Early postnatal radiographs of affected infants will have an unusual appearance. The abdominal contents will be splayed laterally because of the lack of normal musculature. Ultrasound will show markedly dilated ureters, associated hydronephrosis, and a dilated urinary bladder. The kidneys are typically dysplastic and appear echogenic. Ultrasound can also aid in the diagnosis of cryptorchidism. With VCUG, one will see an enlarged urinary bladder with reflux up massively enlarged, tortuous ureters into dilated renal collecting systems. A urachal diverticulum is a frequent coexisting finding. The posterior urethra is typically dilated due to deficiency of the prostate gland. Occasionally, the anterior urethra is dilated (“megalourethra”).
The prognosis for these patients greatly depends on the degree of urinary tract abnormalities and pulmonary hypoplasia. In terms of genitourinary care, patients frequently undergo clean intermittent catheterization or vesicostomy to improve the egress of urine, decompress the urinary system, and avoid further injury to the kidneys. Patients are prescribed antibiotic prophylaxis because of the severity of VUR.
Acquired Abnormalities of the Genitourinary System
Infections of the Genitourinary System
Urinary tract infections (UTIs) are very common in children, surpassed only in frequency by upper respiratory tract infections. The term UTI generally refers to an infection anywhere along the urinary tract. Pyelonephritis is distinguished from cystitis by high fever (>101.3°F), systemic symptoms, and flank pain.
The clinical presentation of an infant with a UTI is nonspecific but typically includes fever and irritability. As part of the workup for a fever without a clear source, a urine sample is often obtained. Ideally, a catheterized specimen is collected in non-toilet-trained children, and a clean catch specimen is obtained in toilet-trained children. This minimizes the risk for contamination. The diagnosis is made when a single organism grows more than 50,000 colony-forming units. The clinician must then decide whether to pursue further imaging to determine the cause of the UTI. One approach is to routinely perform both renal ultrasound and VCUG after the initial infection. The purpose of these studies is to assess for the presence of VUR (discussed earlier in this chapter). Recommendations from the American Academy of Pediatrics in 2011 state that a renal ultrasound should be performed after the initial infection in children aged 2 to 24 months, but that a VCUG need not be performed unless there are abnormalities on ultrasound or the patient experiences recurrent febrile UTIs. That said, many studies have shown that a normal ultrasound does not exclude the presence of VUR, even high grade, and is a poor screening test for reflux.

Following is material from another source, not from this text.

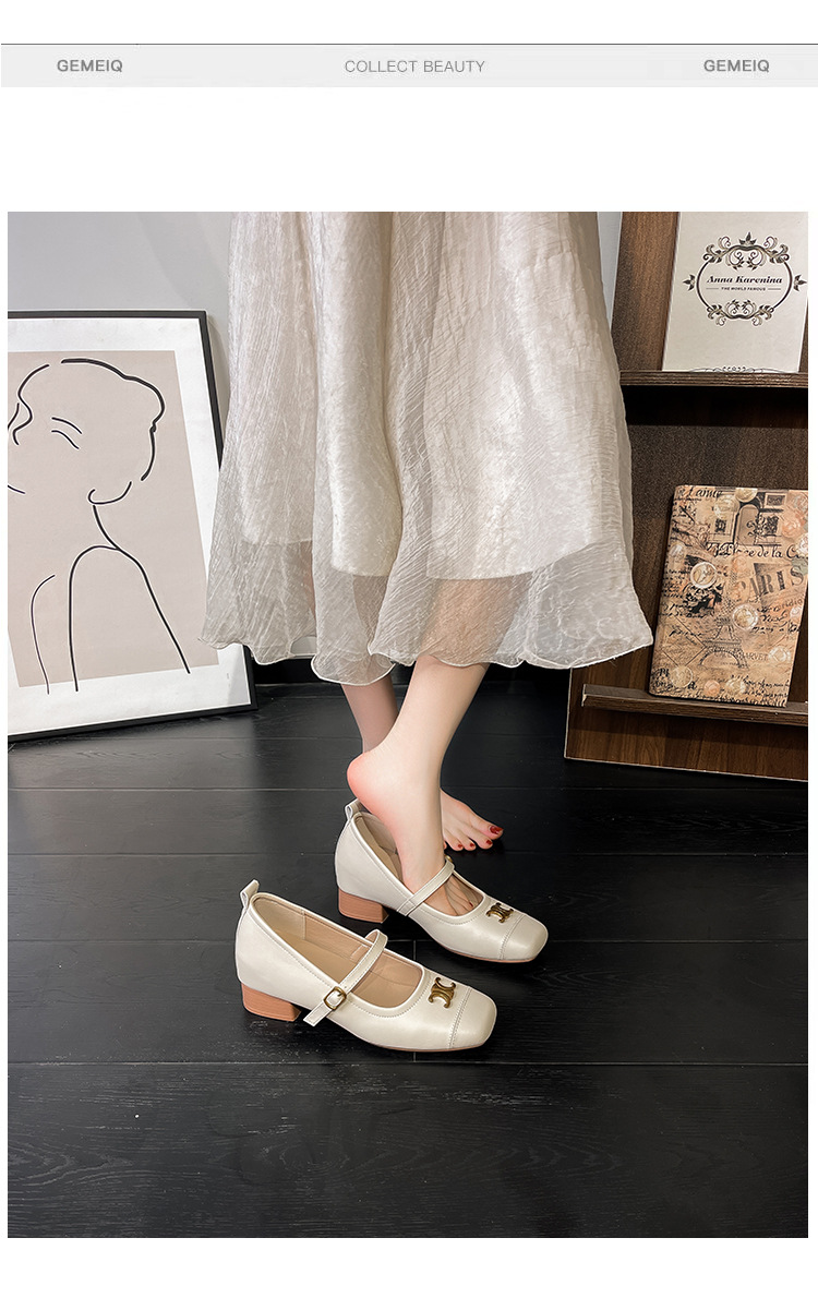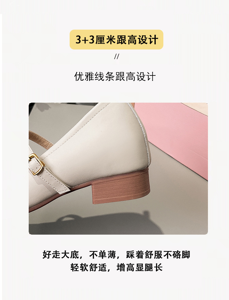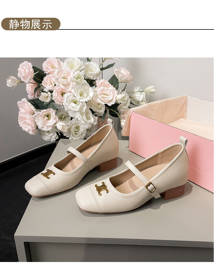 내부 높이 6cm 프랑스 기질 레트로 작은 가죽 신발 2024 새로운 광장 발가락 두꺼운 힐 통근 늦은 밤 바람 단일 레이어 신발스토어 가기

When infected, the kidney may appear enlarged with loss of corticomedullary differentiation. With power Doppler, regions of relative hypoperfusion may be demonstrated [ Fig. 6.28 ]. On CT or MRI, the kidney is noted to be enlarged, with variable amounts of perinephric fluid. On postcontrast images, a “striated nephrogram” pattern may be observed. Poorly defined regions of hypoenhancement may also be seen. On a DMSA study, regions of diminished uptake are noted. These can remain for weeks to months after the infection, and may reflect areas of scarring if they persist.